Think more rationally with Bayes’ rule | Steven Pinker
Summary
TLDRThe script discusses the concept of Bayesian reasoning, emphasizing the importance of evidence in belief calibration. It explains how posterior probability is calculated by considering prior beliefs, the likelihood of evidence given a hypothesis, and the overall commonness of the data.
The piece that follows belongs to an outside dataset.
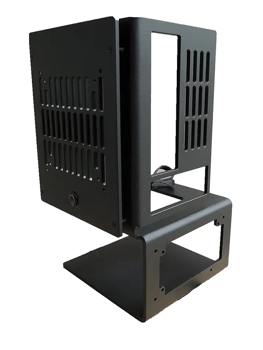 Приехал корпус в хорошей картонной упаковке, размеры 355х234х76мм . Комплектация: корпус, набор винтов и vesa крепление . Есть комплектации с блоком питания на 12В . Внешний вид .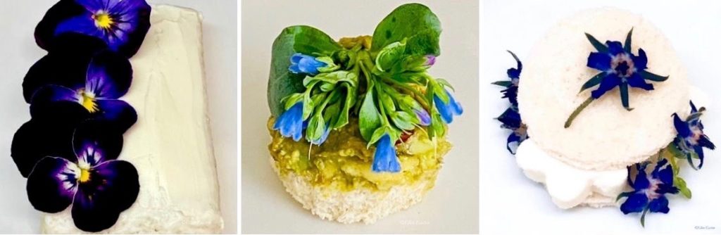 Afternoon Tea Sandwiches with Edible Violas, Oyster leaf and Borages

The talk also touches on the ethical dilemmas of applying Bayes' theorem in various life scenarios, such as fairness and avoiding perpetuation of stereotypes, and the need to discern when its application is appropriate.
Takeaways
- 🌟 Carl Sagan and David Hume emphasized the importance of extraordinary evidence for extraordinary claims, which is a Bayesian concept.
- 📚 Bayesian reasoning involves calibrating our degree of belief in something based on the strength of the evidence.
- 🧠 Bayes' theorem is conceptually simple, despite its intimidating appearance with symbols and letters.
- 🔍 Posterior probability is the updated belief in an idea after considering the evidence.
- 📈 The prior probability represents the initial belief in an idea before new evidence is considered.
- 🌱 The prior should be informed by all relevant knowledge, data, and established theories.
- 🌟 The likelihood is the probability of observing the evidence given that the hypothesis is true.
- 📊 The commonness of data, or the probability of the data, is a factor in updating beliefs according to Bayes' theorem.
- 🏥 An example of Bayesian reasoning in medicine is not diagnosing an exotic disease based on common symptoms without strong evidence.
- 🤔 There are ethical considerations in deciding when to apply Bayesian reasoning, such as in issues of fairness and avoiding perpetuation of stereotypes.
- 📝 Bayes' theorem is crucial in fields like journalism and social science for understanding the world, but its application must be carefully considered in other areas.
- 🚫 The dilemma of when to use Bayes' theorem and when it might be forbidden is a significant and sensitive issue.
Q & A
What is the famous saying by Carl Sagan that relates to the concept of evidence and claims?
-Carl Sagan's famous saying is 'Extraordinary claims require extraordinary evidence.' This means that the more unlikely or extraordinary a claim is, the higher the standard of evidence needed to support it.
What does David Hume's argument contribute to the discussion on belief and evidence?
-David Hume's argument questions the likelihood of the laws of the Universe being wrong versus someone misremembering something. It emphasizes the importance of considering the probability of events when evaluating evidence.
What is Bayesian reasoning, and how does it relate to the concept of belief?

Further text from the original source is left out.